MINISTERO DELL’INTERNO;

– intimato –

avverso il decreto del TRIBUNALE di TORINO, depositata il 28/07/2020;

udita la relazione della causa svolta nella Camera di consiglio del

21/10/2021 dal Consigliere Dott. STEFANO OLIVA.

 

Fatto

FATTI DI CAUSA

Con decreto del 15.6.2018 il Tribunale di Torino rigettava il ricorso proposto da D.G. avverso il provvedimento della Commissione territoriale con il quale era stata respinta la sua domanda di riconoscimento della protezione, internazionale ed umanitaria.

Proponeva ricorso per la cassazione di detta decisione D.G. e la Corte di Cassazione, con ordinanza n. 9835/2019, accoglieva il ricorso, cassando il decreto con rinvio allo stesso giudice, in differente composizione.

Con il decreto impugnato, il Tribunale di Torino, in funzione di giudice del rinvio, confermava il rigetto del ricorso.

Propone ricorso per la cassazione di detta decisione D.G., affidandosi a quattro motivi.

Il Ministero dell’Interno, intimato, non ha svolto attività difensiva nel presente giudizio di legittimità.

Diritto

RAGIONI DELLA DECISIONE

Con il primo motivo, il ricorrente lamenta la violazione e falsa applicazione degli artt. 158 e 383 c.p.c., in relazione all’art. 360 c.p.c., comma 1, n. 3, perché il collegio che avrebbe deciso la fase di rinvio sarebbe stato composto da un membro che aveva già fatto parte del collegio che aveva emesso il primo provvedimento, poi cassato da questa Corte.

La censura è inammissibile per difetto di specificità.

Il principio dell’alterità del giudice di rinvio, sancito dall’art. 383 c.p.c., è rispettato sia quando, dopo la cassazione, la causa venga rinviata ad altro ufficio giudiziario, sia quando il rinvio avvenga allo stesso ufficio in diversa composizione, ovvero ad altro giudice monocratico dello stesso ufficio, purché non sussista identità personale tra il giudice del rinvio e quello che pronunziò la sentenza cassata. E’ onere della parte che, ricorrendo per cassazione avverso la sentenza pronunciata in sede di rinvio, ne invochi la nullità per violazione dell’art. 383 c.p.c., non soltanto allegare, ma anche provare, che la pronuncia di rinvio sia stata decisa dalle stesse persone fisiche che pronunciarono la sentenza cassata con rinvio (Cass. Sez. 3, Sentenza n. 8723 del 31/05/2012, Rv. 622780; Cass. Sez. 6-3, Ordinanza n. 20345 del 28/09/2020, Rv. 659252; nonché Cass. Sez. 2, Sentenza n. 2114 del 29/01/2021, Rv. 660356, con particolare riferimento a pag. 10 della motivazione). Nella specie, il ricorrente non ha trascritto nel ricorso la composizione dei due collegi – quello che ha deciso prima del rinvio dalla cassazione, e quello che si è pronunciato in sede di rinvio – ma ha soltanto allegato che vi sarebbe un giudice in comune, in tal modo omettendo di soddisfare il requisito minimo di specificità della censura.

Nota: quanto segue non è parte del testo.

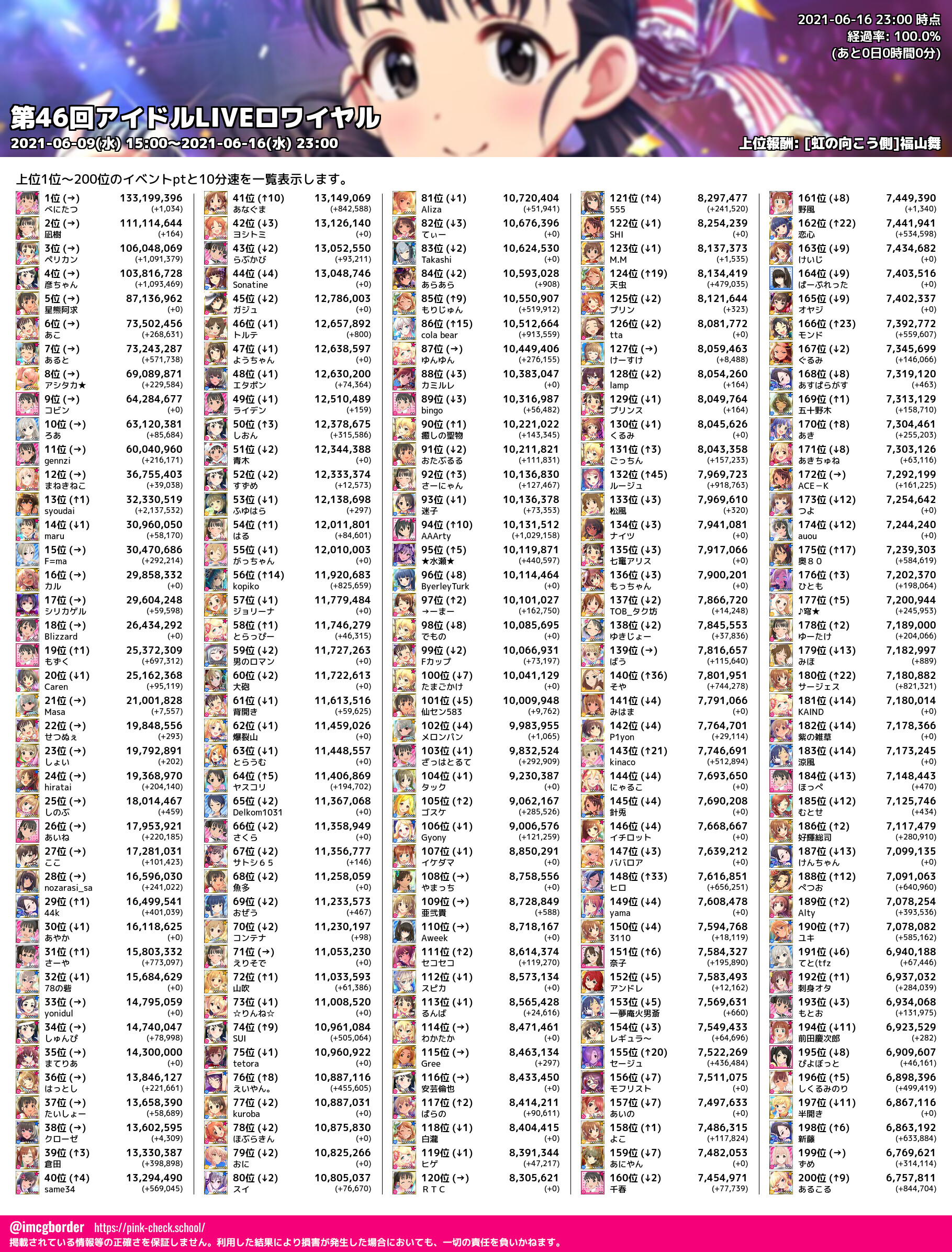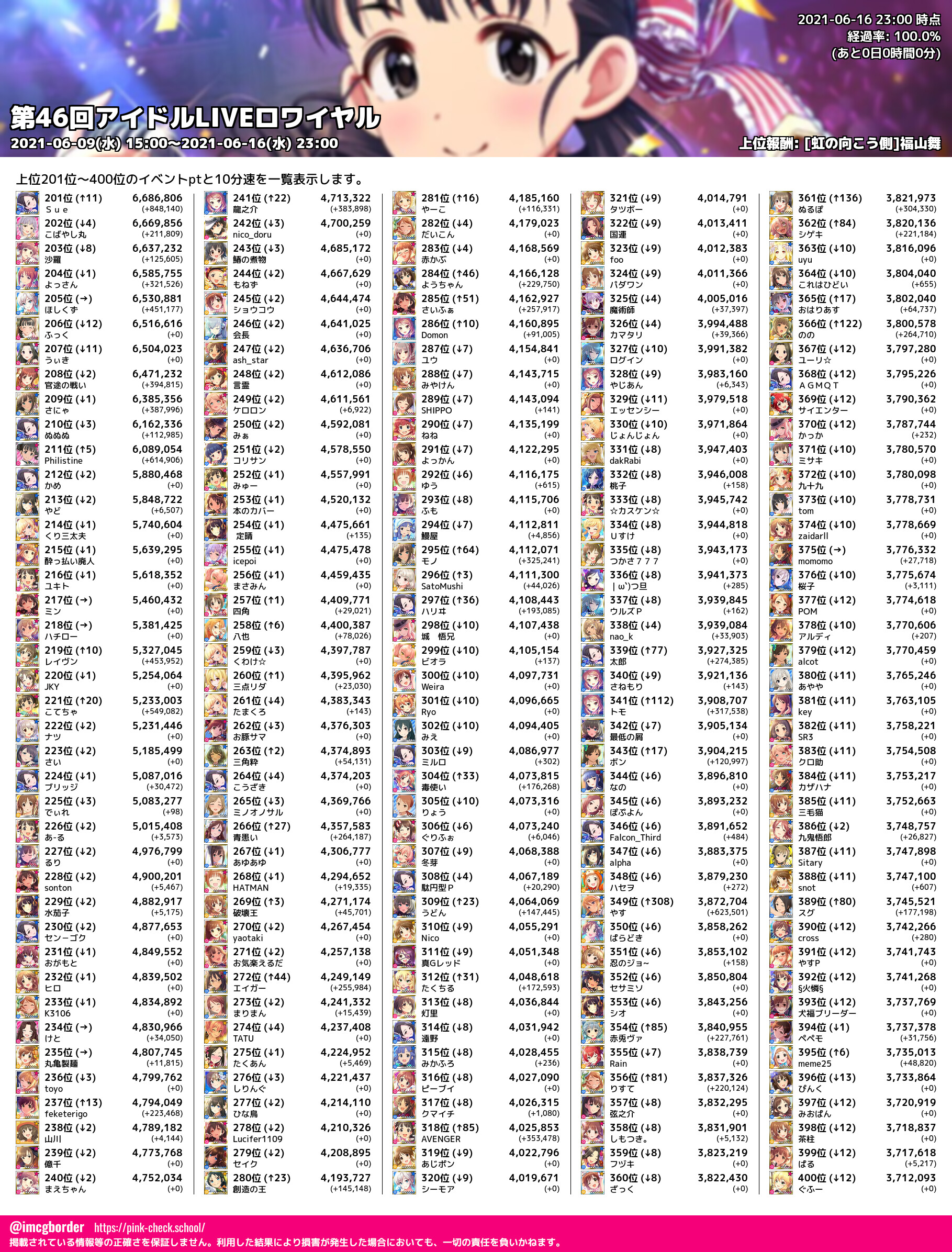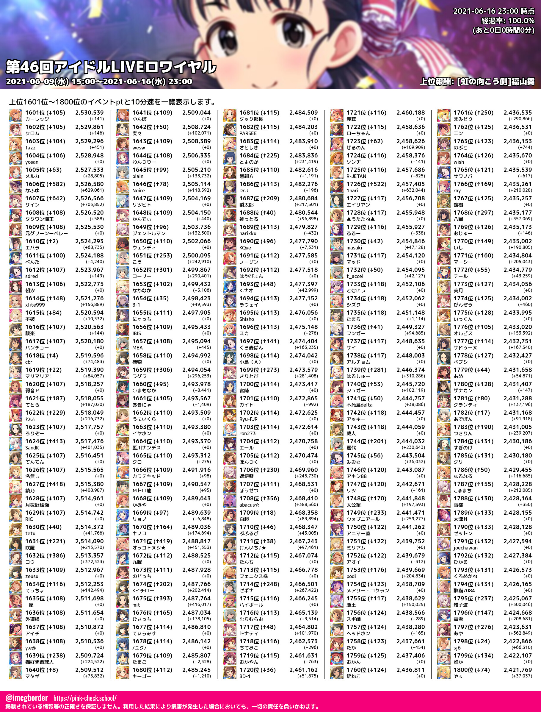 上位プロデューサースコア (2021-06-16 23:00 時点)
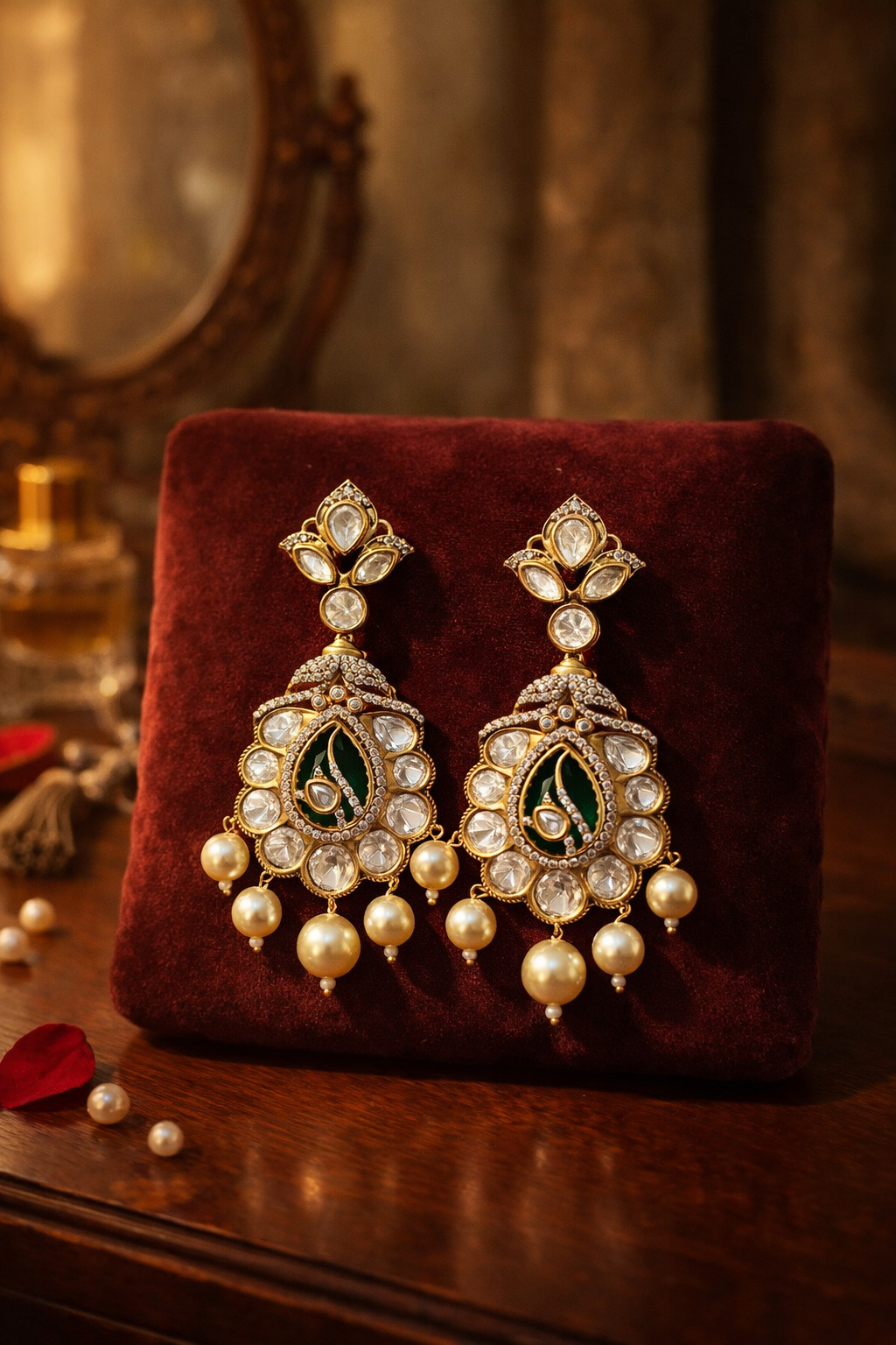 A bold expression of regal femininity, these statement chandelier earrings feature a sculpted emerald-toned centre framed by luminous kundan stones in a floral halo setting. Intricately layered gold detailing and pavé accents create depth and brilliance, while cascading pearl drops add softness and movement.
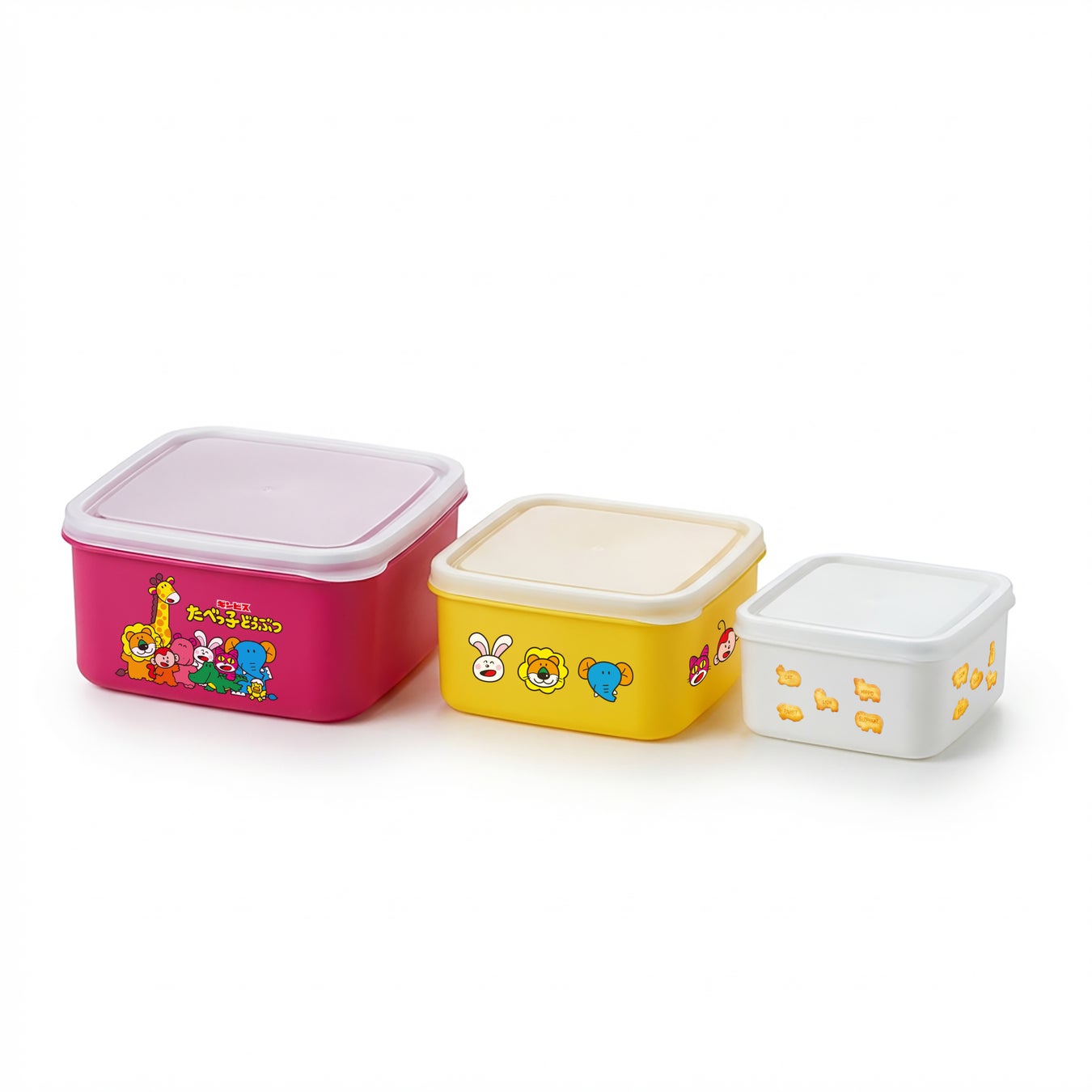 たべっ子どうぶつは1978年に発売されたロングセラー商品です。 “親子のコミュニケーションビスケット”として学びながら、美味しく食べてもらうことを目指しています。 「たべっ子どうぶつ バター味」は46種類のどうぶつ型ビスケットに、英語でそれぞれのどうぶつ名が印字されています。パッケージには様々なエンターテインメント性や教育性のコンテンツがあり、裏面にはどうぶつの英語名と日本語名が表記されているので、ビスケットを食べながら目で見て学ぶことができます。 現在はお菓子をはじめ、キャラクターのグッズ販売、期間限定イベントやPOP UP SHOPの開催、映画公開など多様な楽しみ方で幅広い年齢層の方にご好評いただいています。
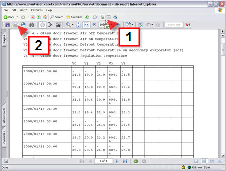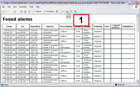 Various printouts some with fixed format (i.e.: alarm row), others customizable by the Installer (reports) are available in PlantVisorPRO Locale. All printouts are previewed in HTML or PDF except for alarm row printouts which are sent directly to the printer.
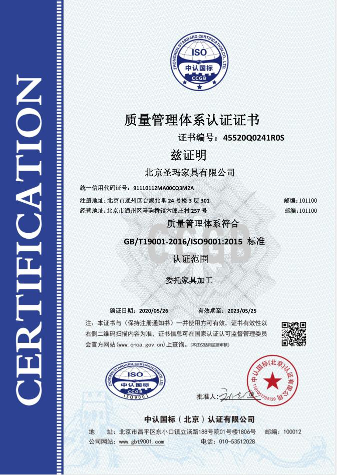 北京圣瑪家具有限公司是以設計研發(fā)、生產、銷售、服務為一體的專業(yè)化辦公家具制 造企業(yè);主要經營辦公家具、校園家具、實驗室家具、酒店套房、全屋定制類等家具。 公司成立于 2017 年,生產基地位于天津市蘆臺經濟開發(fā)區華澳盛世家具有限公司院 內,占地面積約 10000 平米,擁有員工 100 人左右,其中高級技術人員達 15%以上。 公司采用了南興、先達系列等先進生產設備,建立專業(yè)流水線,具備先進的生產及加 工能力。公司設有專業(yè)的產品設計部、運營部、質檢部等,提供專業(yè)的 CAD 平面圖、立面 圖級效果設計圖紙。 使用優(yōu)質的進口原材料及配件;嚴把進貨渠道,所用材料符合國家環(huán)保標準要求。款 式上依據人體工程學原理,追求多樣化的設計風格。按照 “ISO900/ISO14001 族標準” 的 要求,嚴格控制每一個環(huán)節(jié)。 并本著“以質量求發(fā)展,向管理要效益,顧客滿意為焦點,持續(xù)改進,共筑偉業(yè)”的 宗旨方
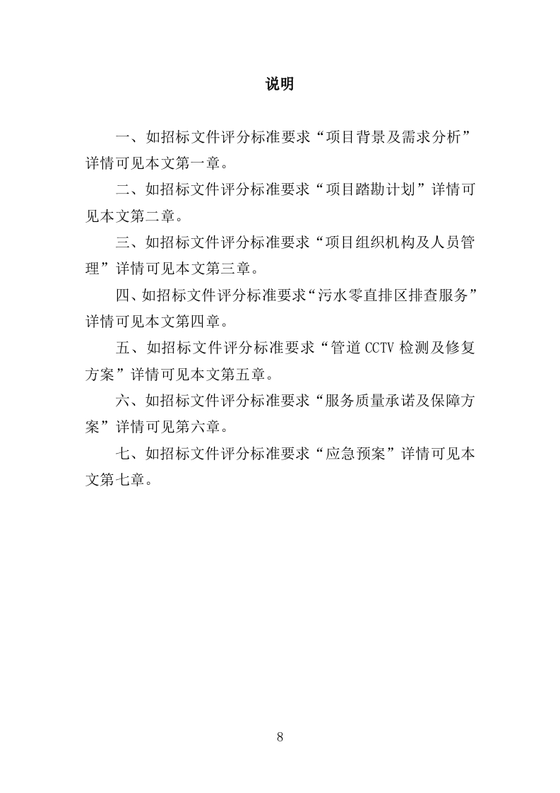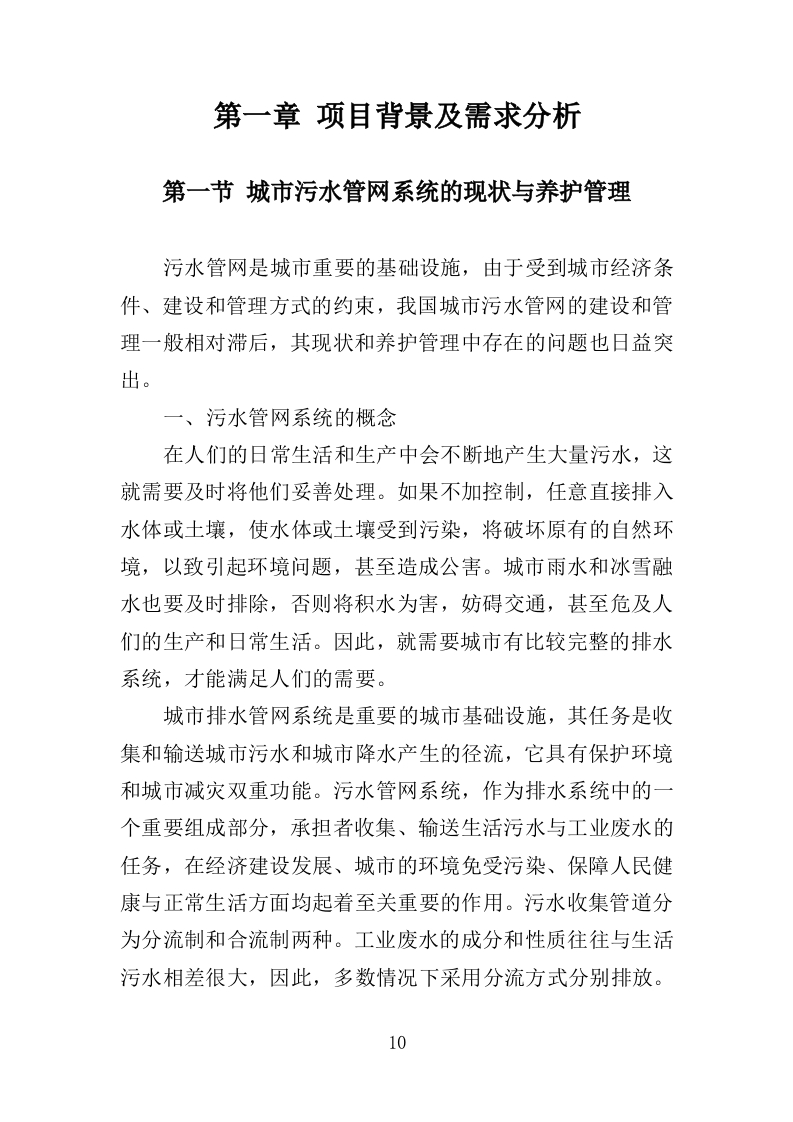 污水零直排区排查服务投标方案目录第一章项目背景及需求分析......10第一节城市污水管网系统的现状与养护管理..·.·10一、污水管网系统的概念..··...10二、污水管网系统的组成....·.11三、污水管网系统的现状....11四、污水管道的养护管理...12第二节项目需求分析..·..15一、排水设施...15二、出具检测报告等成果、修复等.17三、提供排水设施地理信息..·.25第二章现场踏勘计划...26第一节现场踏勘总体要求26一、目的与作用..26二、工作目标..26第二节现场踏勘准备.·27一、准备事项..27二、工作组织..27三、注意事项..28第三节现场踏勘时间.·28第四节现场踏勘流程.·30一、踏勘方式....30二、项目现场踏勘主要内容30
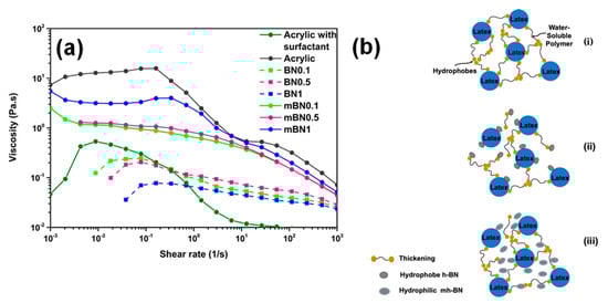 (a) Shear rheological curves of the acrylic resin and the formulations with unmodified (h-BN) and plasma-modified (mh-BN) nanoparticles, (b) the scheme of possible interactions between the latex nanoparticles, thickening and h-BN nanoparticles (i) acrylic resin (ii) acrylic coating with modified nanoplatelets and (iii) acrylic coating with unmodified nanoplatelets.
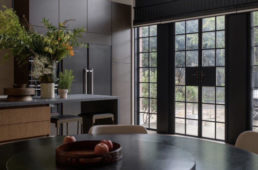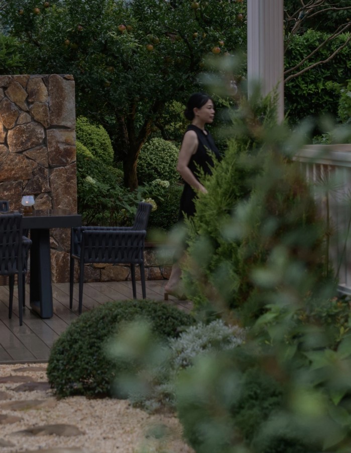 庭院巧妙将户外餐厅与花园融在一起,四周被绿植环抱,宛如藏着一处秘密花园,连用餐都变成了与自然近距离接触的温馨时刻。而待在这所房子里,人会不自觉地静下来,隔绝外界的嘈杂,转而专注于自我。
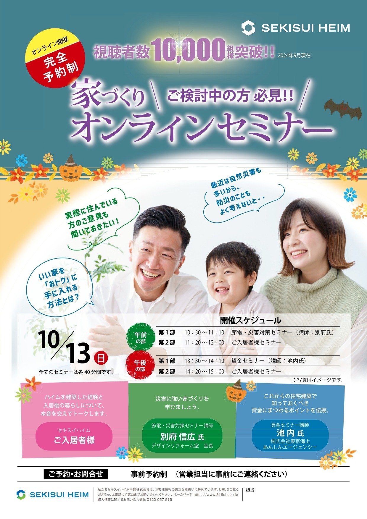【10月13日】お得な情報盛り沢山!家づくりオンラインセミナー開催!
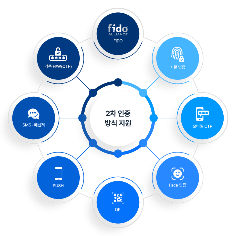 - 비밀번호, 모바일 간편인증(푸시 알림), OTP(토큰·모바일), 생체인증(지문/얼굴)
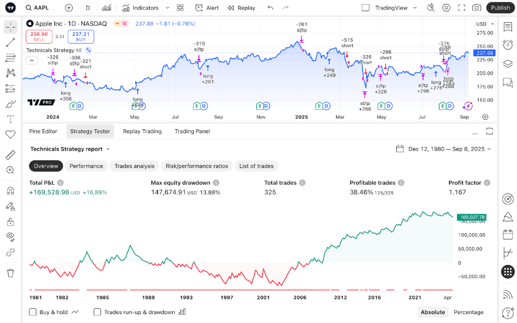 Di TradingView, Anda bisa menguji baik pasangan mata uang maupun CFD menggunakan alat bantu analisis bawaan. Untuk strategi algoritmik, terdapat bahasa Pine Script, yang memungkinkan Anda untuk membuat dan menguji sistem trading yang sederhana. Namun, penting untuk dipahami bahwa statistik yang lengkap, akuntansi yang terperinci, dan model eksekusi order yang realistis umumnya hanya tersedia pada paket berbayar.
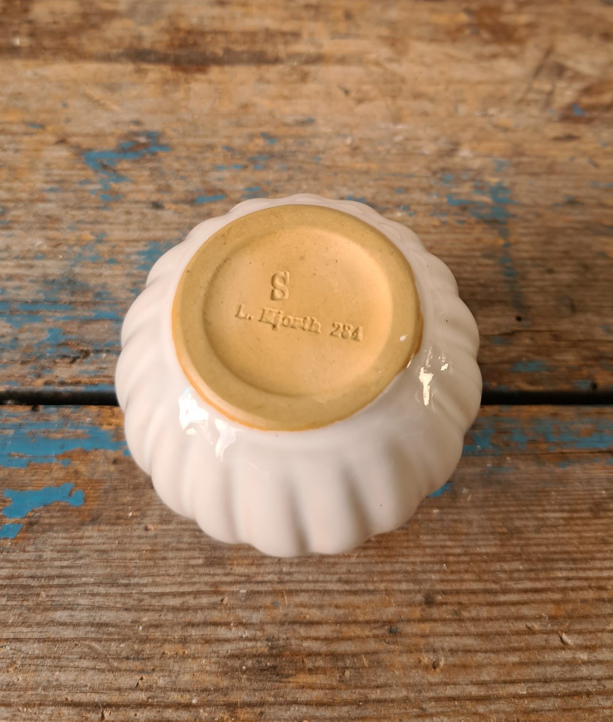 Beskrivelse: Hjorth cremefarvet riflet miniature vase

Con il secondo motivo, il ricorrente lamenta la violazione del D.Lgs. n. 25 del 2008, art. 35 bis, artt. 12, 14, 31 e 46 della Direttiva UE 2013/32, nonché l’omesso esame di un fatto decisivo, in relazione all’art. 360 c.p.c., comma 1, nn. 3 e 5, perché il Tribunale avrebbe ritenuto non credibile la storia riferita dal richiedente, senza procedere alla sua audizione personale.

La censura è infondata. Secondo l’ormai consolidata interpretazione di questa Corte, in materia di protezione internazionale, ove venga impugnato il provvedimento di diniego della commissione territoriale e non sia disponibile la videoregistrazione del colloquio, il giudice deve necessariamente fissare l’udienza di comparizione delle parti ma, se non sono dedotti fatti nuovi o ulteriori temi d’indagine, non ha l’obbligo di procedere anche all’audizione del richiedente, salvo che quest’ultimo non ne faccia espressa richiesta deducendo la necessità di fornire specifici chiarimenti, e delucidazioni sulle dichiarazioni rese in sede amministrativa (Cass. Sez. 1, Sentenza n. 21584 del 07/10/2020, Rv. 658982; Cass. Sez. 1, Sentenza n. 22049 del 13/10/2020, Rv. 659115; Cass. Sez. 1, Ordinanza n. 25439 del 11/11/2020, Rv. 659659; Cass. Sez. 1, Sentenza n. 26124 del 17/11/2020, Rv. 659737). Il ricorso per cassazione con il quale sia dedotta, in mancanza di videoregistrazione, l’omessa audizione del richiedente che ne abbia fatto espressa istanza, deve, pertanto, contenere l’indicazione puntuale dei fatti che erano stati dedotti avanti al giudice del merito a sostegno di tale richiesta, avendo il ricorrente un preciso onere di specificità della censura (Cass. Sez. 1, Sentenza n. 25312 del 11/11/2020, Rv. 659577). Nella specie, risulta dal decreto impugnato che l’udienza è stata fissata e si è tenuta il 22 gennaio 2019, ed il ricorso è assolutamente generico, poiché il ricorrente non si fa carico di indicare gli specifici fatti, dedotti dinanzi al giudice, che avrebbero richiesto la sua audizione.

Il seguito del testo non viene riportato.